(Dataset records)
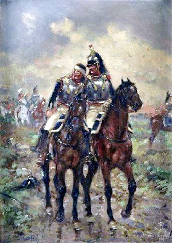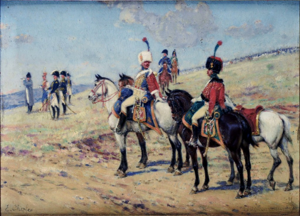 deux chasseurs à cheval de la Garde», óleo sobre lienzo, 23 x 33 cm (p)
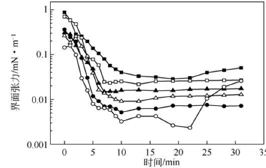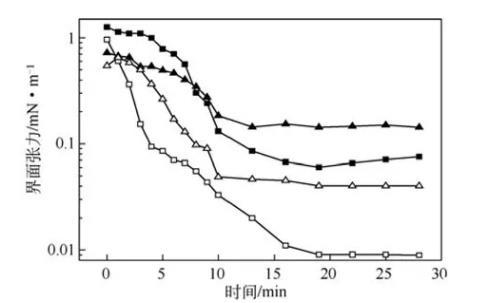 圖7不同助劑對(duì)復(fù)配體系油/水動(dòng)態(tài)界面張力的影響
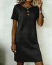 SPECIFICATIES Stijl: Chique Materiaal: katoenblends Type jurk: Verschuivings jurk Jurk lengte: Boven de knie Hals lijn: Ronde nek Patroon type: Effen kleur Mouw type: Normale mouw Mouw lengte: Korte mouw Details: Toetsen Pasvorm: Normaal Seizoen: Lente,Zomer Gelegenheid: Dagelijks Pakket bestaat uit: 1 x Jurk MAATTABEL (cm) Maat Borst Le...
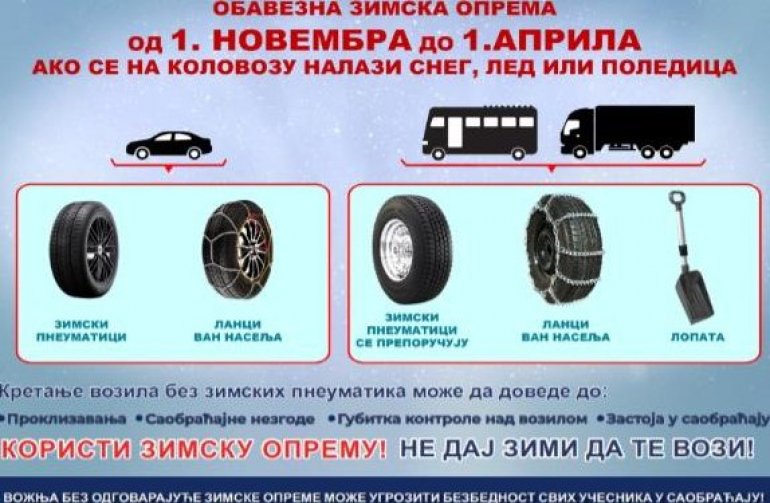 ЈП „Путеви Србије“ апелује на све учеснике да не крећу на пут без обавезне зимске опреме, јер се данас на истоку и југоистоку Србије очекује појава кише која ће се ледити на тлу, док се на подручју северне, западне, централне и југозападне Србије после подне и увече очекује интензивирање снежних падавина и повећање висине снежног покривача за 10 до 15 цм, локално и више.
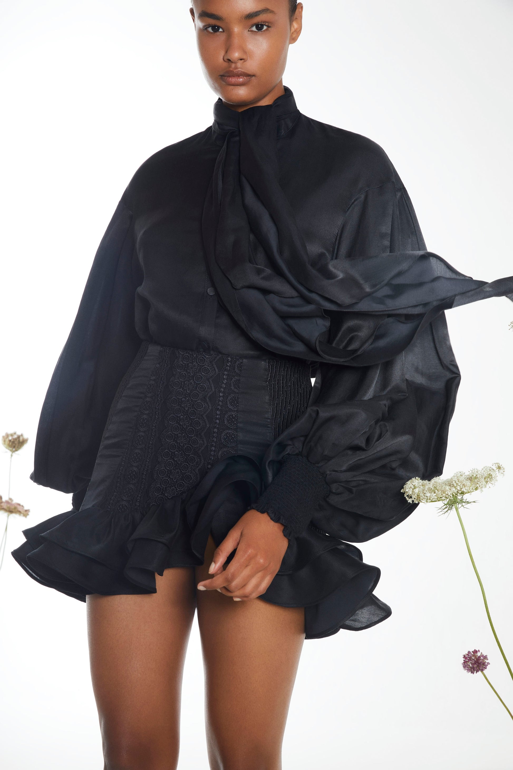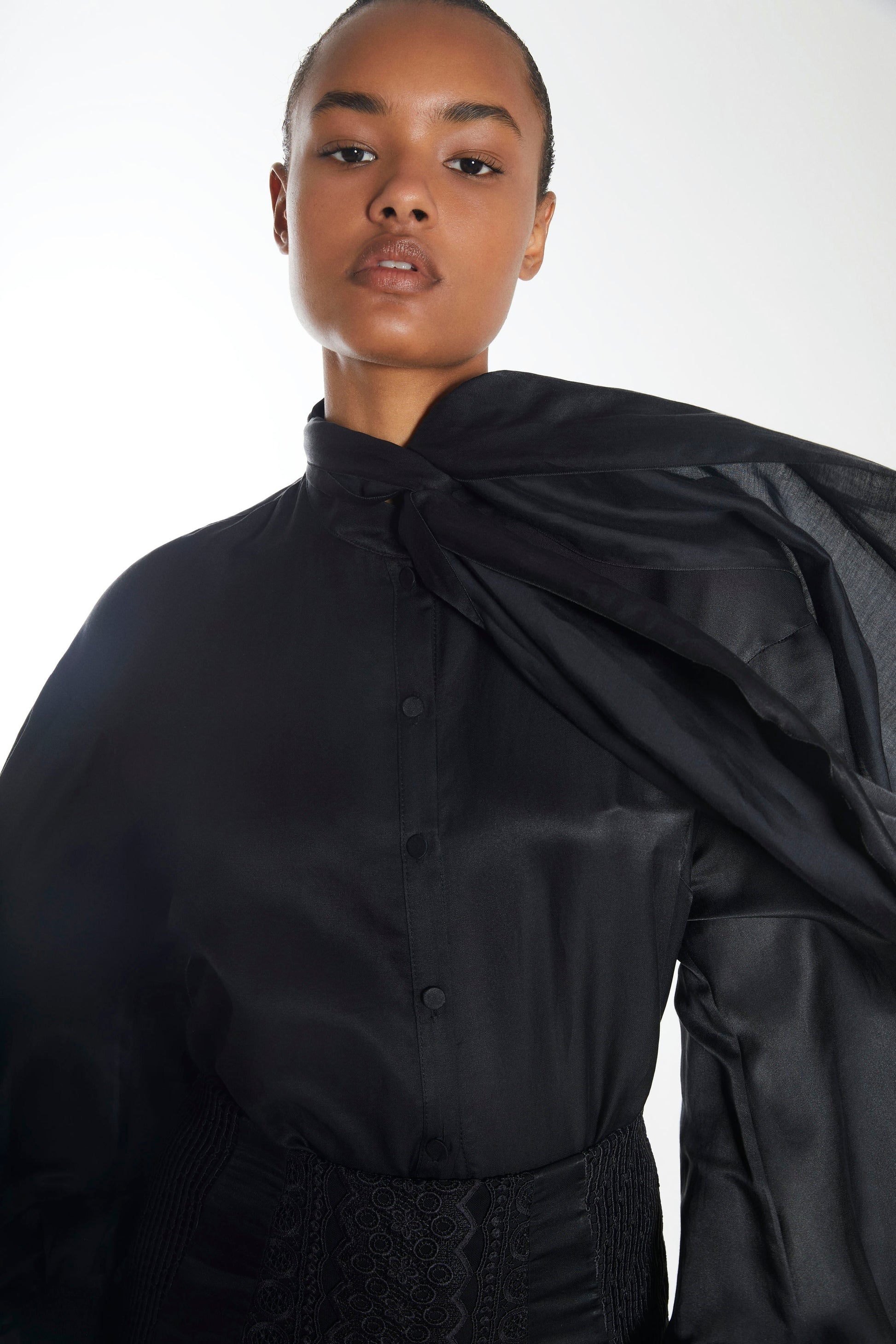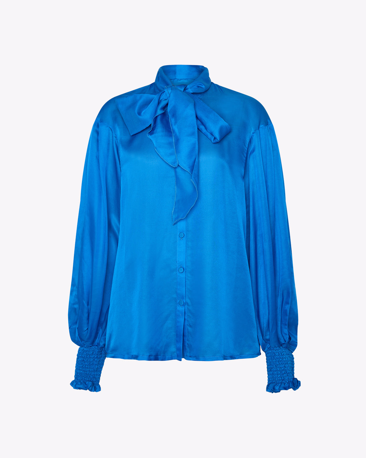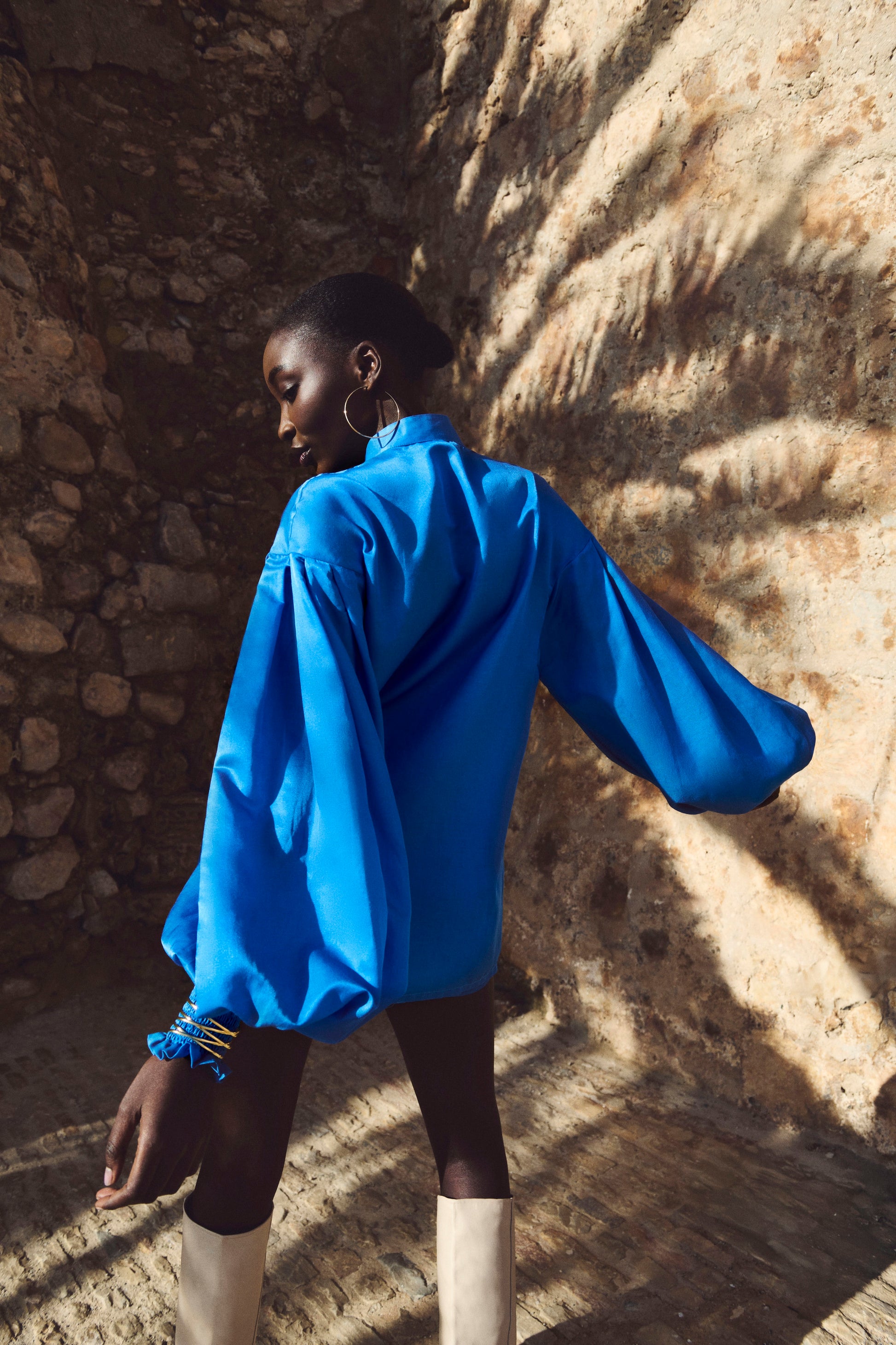 Sumérgete en el lujo y la sofisticación con nuestra camisa BOMMIE. Confeccionada en mezcla de seda y algodón y acabados artesanales, esta pieza es una declaración de elegancia y estilo atemporal. Sus líneas favorecedoras, femenina lazada al cuello y mangas XL hacen de esta una pieza imprescindible que eleva tus looks para cualquier ocasión.
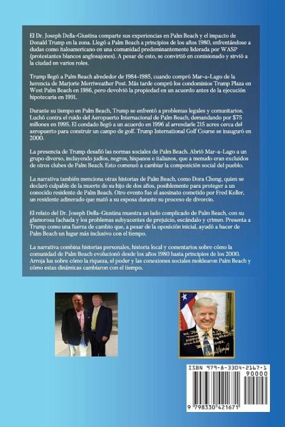 ¿Alguna vez has oído hablar de Palm Beach? Seguramente, viene a la mente cuando piensas en una hermosa zona costera conocida por sus playas de arena, casas lujosas y clima soleado. Es un destino de vacaciones popular con un ambiente relajado y exclusivo. Sin embargo, Palm Beach es mucho más que eso. Este libro está lleno de secretos que se han mantenido ocultos en Palm Beach. Estos secretos son revelados por el Dr. Joseph Della-Giustina, un italoamericano que decidió mudarse a Palm Beach en la década de 1980. Después de haber vivido allí durante más de 40 años, ha sido testigo de muchos de los eventos que han ocurrido en Palm Beach. Desde secretos políticos ocultos hasta asesinatos individuales, engaños, manipulación y más... El Dr. Joseph Della-Giustina, tras mucho esfuerzo dentro de esta comunidad desconocida, construyó su presencia en Palm Beach y fue honrado como comisionado durante la presidencia de Donald Trump. Ha presenciado muchas cosas que permanecen ocultas al mundo. Si bien es posible que hayas oído hablar de algunos de estos incidentes, este libro revelará las historias secretas detrás de esos eventos y la política que el Dr. Joseph Della-Giustina ha visto con sus propios ojos. ¿Quieres conocer los secretos ocultos de Palm Beach? ¿Te interesa? Solo abre este libro para descubrirlo todo, incluidas las experiencias personales y profesionales del Dr. Joseph Della-Giustina en Palm Beach. Como suele decir Joseph: "Lo que hacemos por nosotros mismos muere con nosotros; lo que hacemos por los demás vive para siempre.
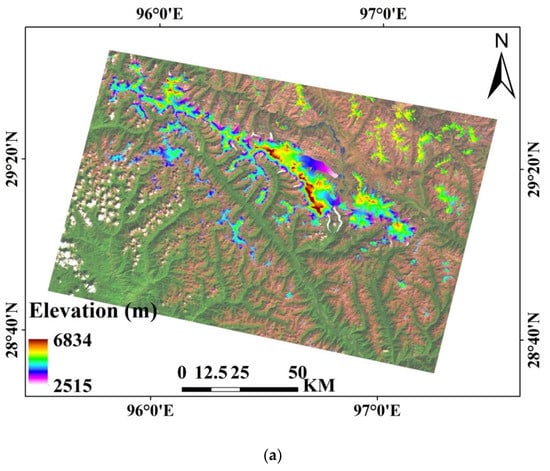 Glaciers in the Tibetan Plateau are sensitive and exhibit an immediate response to climate forcing; hence, they are important climate change indicators [,,]. It is, therefore, meaningful to observe and understand the dynamics and response of glaciers to changes in climatic conditions. Traditional methods of mapping glacier surface types are based on field surveys and analyzing topographic maps, which are very time-consuming and not feasible in inaccessible regions []. Nowadays, a vast amount of satellite data allows us to monitor the glaciers over large areas and in high altitude mountainous regions in a cheaper and efficient way. Remote sensing data usually can provide measurements of glacier coverage, glacier number, time span, and other glacier properties [].
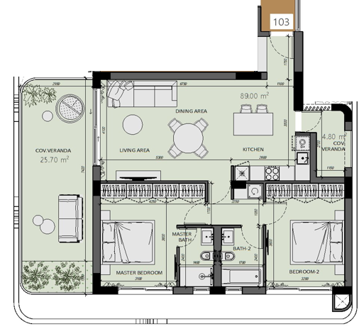 The apartment consists of an open-plan kitchen connected to the living and dining area, two bedrooms (one of which is a master bedroom with a shower), and a main bathroom.
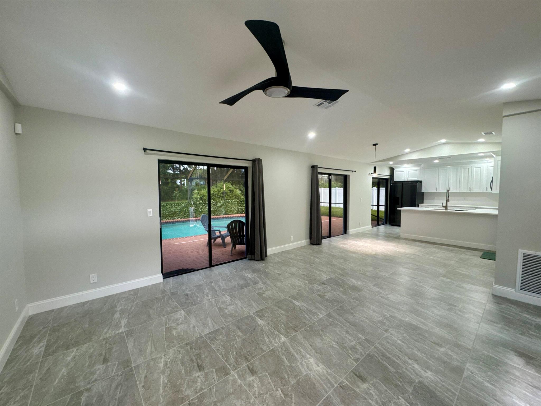 Beautifully updated 2BR/2BA pool home in the sought-after Lake Forest South community of Delray Beach. This move-in ready residence offers tile flooring throughout, a remodeled kitchen with granite countertops, brand-new stainless steel appliances, and fresh exterior paint. The open living area flows seamlessly to a screened patio and private pool -- perfect for relaxing or entertaining. Additional features include tinted sliding glass doors for energy efficiency, a mini-split system in the primary bedroom, a new washer and dryer, and a 2-car driveway. All appliances are new. Pet-friendly. Ideally located near shopping, major roads, and Downtown Delray. The home backs up to Barwick Park with no rear neighbors. Available now and easy to show

[Required action] Each line from the first line of the entries through the line containing "SPECIFICATIES Stijl: Chique" should be duplicated word for word, and nothing more; the pictures stay out.

[Response below]
 deux chasseurs à cheval de la Garde», óleo sobre lienzo, 23 x 33 cm (p)
 圖7不同助劑對(duì)復(fù)配體系油/水動(dòng)態(tài)界面張力的影響
 SPECIFICATIES Stijl: Chique Materiaal: katoenblends Type jurk: Verschuivings jurk Jurk lengte: Boven de knie Hals lijn: Ronde nek Patroon type: Effen kleur Mouw type: Normale mouw Mouw lengte: Korte mouw Details: Toetsen Pasvorm: Normaal Seizoen: Lente,Zomer Gelegenheid: Dagelijks Pakket bestaat uit: 1 x Jurk MAATTABEL (cm) Maat Borst Le...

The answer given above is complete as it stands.